The present invention relates to an auxiliary air control valve which is used for an engine so that air is supplied to the engine in the warm-up thereof while bypassing a throttle valve.
FIG. 3 shows a sectional view of a conventional auxiliary air control valve disclosed in the Japanese Patent Application (OPI) No. 5856/84 (the term "OPI" as used herein means an "unexamined published application"). Shown in FIG. 3 is an engine 1 which is supplied with intake air through an intake passage 2 provided with bypasses 4a and 4b disposed to by-pass a throttle valve 3. A valve casing 5 has an air inlet port 6 and an air outlet port 7, which are connected to the by-passes 4a and 4b. The valve casing 5 also has a valve seat 9 provided on an internal air passage, which extends to connect the air inlet port 6 and the air outlet port 7 to each other. The valve seat 9 has a valve port 10 of prescribed minimum diameter. A valve element 20 is disposed in the face of the valve seat 9 to control the cross-sectional area of the internal air passage, and has a tapered tip portion 22. A spring 26 urges the valve element 20 in such a direction as to open the auxiliary air control valve. An actuator 14 functions to move the valve element 20 against the force of the spring 26, and contains thermowax which expands or contracts depending on the temperature of cooling water 15 from the engine 1. The actuator 14 comprises an output rod 23, which is moved in or out by the expansion or contraction of the thermowax, and a cylinder 21 for guiding the output rod.

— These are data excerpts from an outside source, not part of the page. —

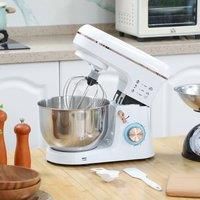 Unleash your inner baker with the HOMCOM Stand Mixer for baking, featuring a robust 1400W motor and a handy six-speed setting plus pulse for great meringues. Its tilt-head design simplifies bowl access, while the anti-slip base keeps things steady. Complete with a 5L food-grade stainless steel bowl, this food mixer with bowl is the companion for any cake mixer enthusiast. | HOMCOM Stand Mixer with 6 Speeds, Pulse, 5L Stainless Steel Bowl, Food Mixer in White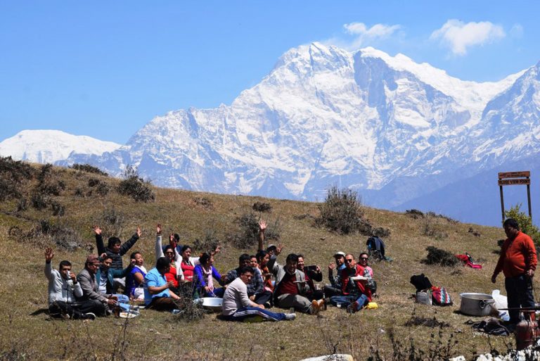 म्याग्दीको रघुगंगा गाउँपालिका–२ मा रहेको पर्यटकिय स्थल रुईसेमा अन्नपूर्ण हिमाललाई पृष्ठभुमिमा राखेर बनभोज खाँदै गरेका आन्तरिक पर्यटक । तस्वीरः कमल खत्री, रासस, बेनी (म्याग्दी ) ।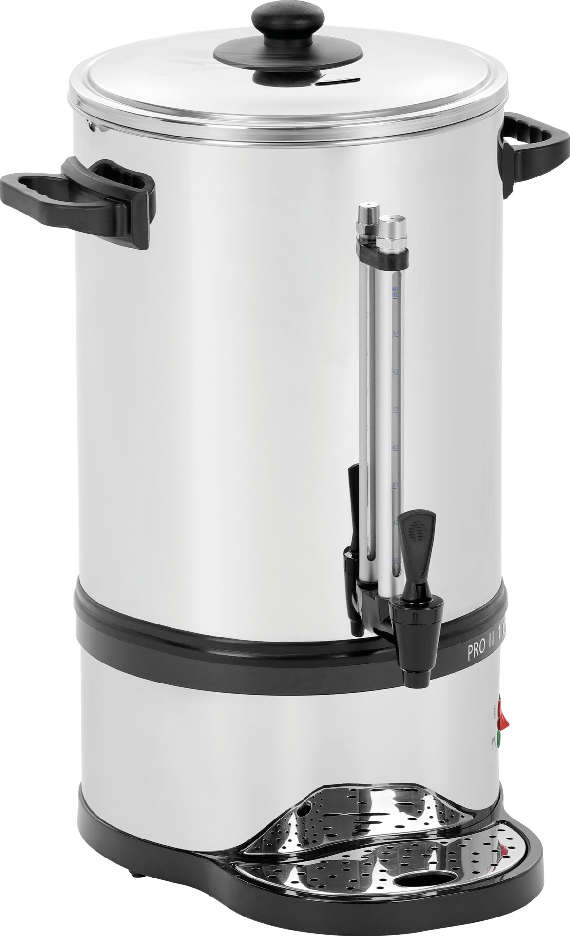 Mit Warmhaltefunktion. Mit Entkalkungssignal. Füllstandsanzeige. Filter Edelstahl. Heizsystem Edelstahl. 50/60Hz. Kontrollleuchte. Ein-/Ausschalter. 2 Getrennte Heizsysteme für Brüh-und Warmhaltefunktion. Kaffeemaschine kann auch OHNE Filterpapier genutzt werden. Inkl. Reinigungsschaber. Material Edelstahl/Kunststoff.Inhalt in L: 13,2BxTxH in cm: 35x37,1x57,5Anschlusswert: 230 V/1,6 kWInhalt 13,2 Liter, ca. 90 - 100 Tassen, Aufbrühzeit ca. 55 Minuten.Brühzeit für 13,2 L ca. 55 Min. Mind.-Aufbrühmenge 6 L (ca.40 Tassen). Max. Leistung 90-100 Tassen. 50/60Hz.

When the temperature of the cooling water 15 for the engine 1 rises in the warm-up or the like thereof, the actuator 14 responds to the rise in the temperature so as to move the valve element 20 toward the valve seat 9 to decrease the cross-sectional area of the internal air passage to reduce the supplied quantity of auxiliary air.

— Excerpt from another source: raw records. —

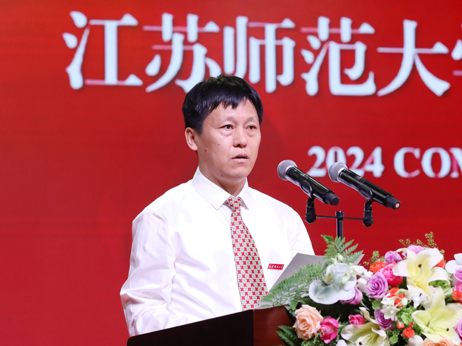 父母是孩子的第一任老师,也是孩子远航时的避风港,他们时时刻刻都在关注孩子的成长。文学院2024届本科毕业生王聪玮的母亲,徐州市优秀教育工作者、市优秀女教师、市带头优师,铜山区实验幼儿园副园长朱薇女士,作为家长代表发言。她勉励同学们做勇于探险的人生掌舵人;做勇担重任拼搏建功的师大人;做拥抱平凡又能成就非凡的社会人。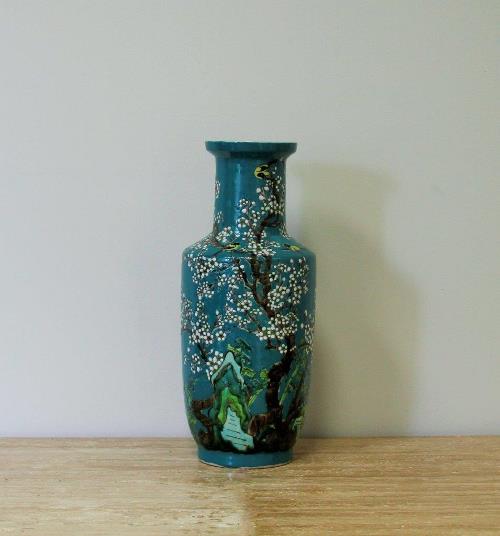 Chinese Cherry Blossom Turquoise Porcelain Vase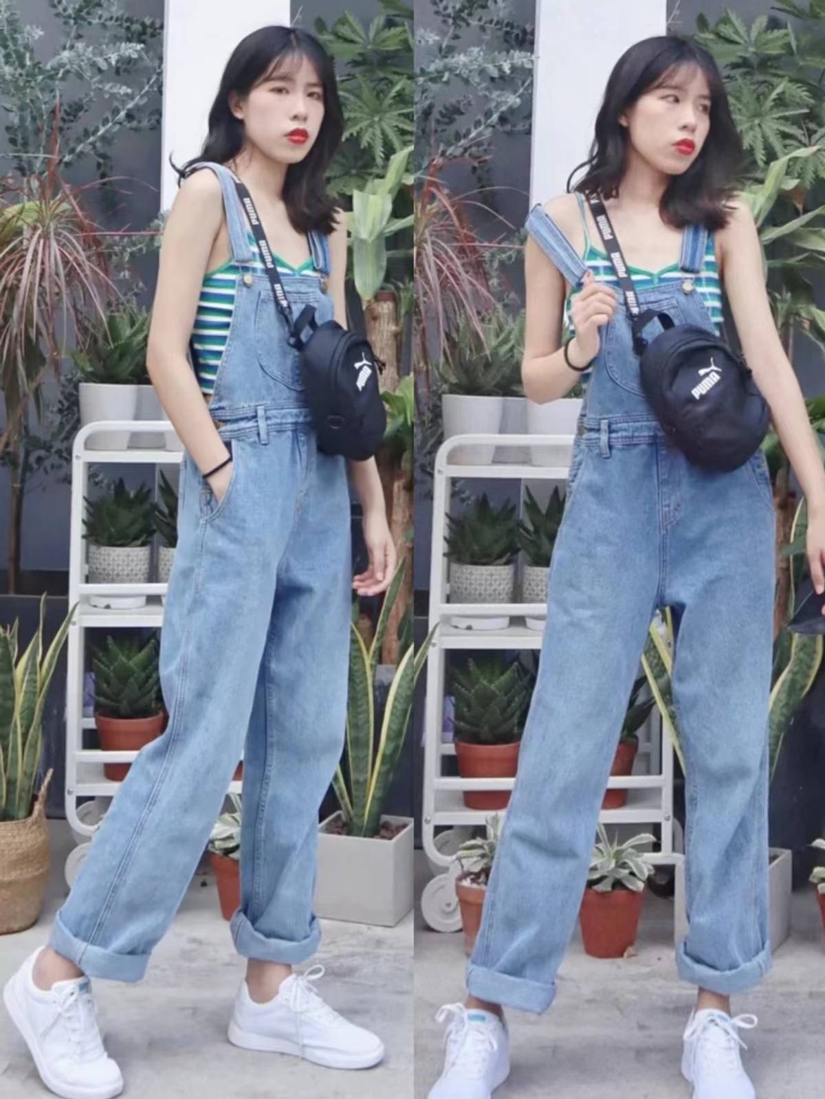 薄荷綠拼接條紋衫+牛仔背帶褲穿一件薄荷綠的拼接條紋衫,清新又簡約、降溫又降噪。外搭牛仔背帶長褲,可可愛愛的樣子。

When the temperature of the cooling water 15 has reached a prescribed level, the tapered tip portion 22 of the valve element 20 is tightly placed in the valve port 10 of the valve seat 9 to render the cross-sectional area of the internal air passage zero to make the supplied quantity of the auxiliary air zero. When the temperature of the cooling water 15 has exceeded the prescribed level the thermowax in the actuator 14 expands further to protrude the output rod 23. Since the output rod 23 and the valve element 20 are elastically coupled to each other, the output rod is allowed to be moved forth even if the valve element is put in contact with the valve seat 9 and therefore cannot be moved forth. A cylindrical member 24 is attached to the output rod 23 and slidably fitted on the cylinder 21. A spring 25 is provided between the cylindrical member 24 and the valve element 20 and urges the valve element in such a direction as to close the auxiliary air control valve. An engaging member 27 is provided between the valve element 20 and the output rod 23 to prevent the valve element from being uncoupled from the output rod by the spring 25.
Although the conventional auxiliary air control valve functions so as to prevent undesirable stress from being caused in the valve seat 9 through the action of the valve element 20 by the output rod 23 being protruded even after the temperature of the cooling water 15 has reached the prescribed level, the valve has problems in that the constitution of the valve is complicated, a large number of component parts are needed for the valve and the cost of production of the the valve is high.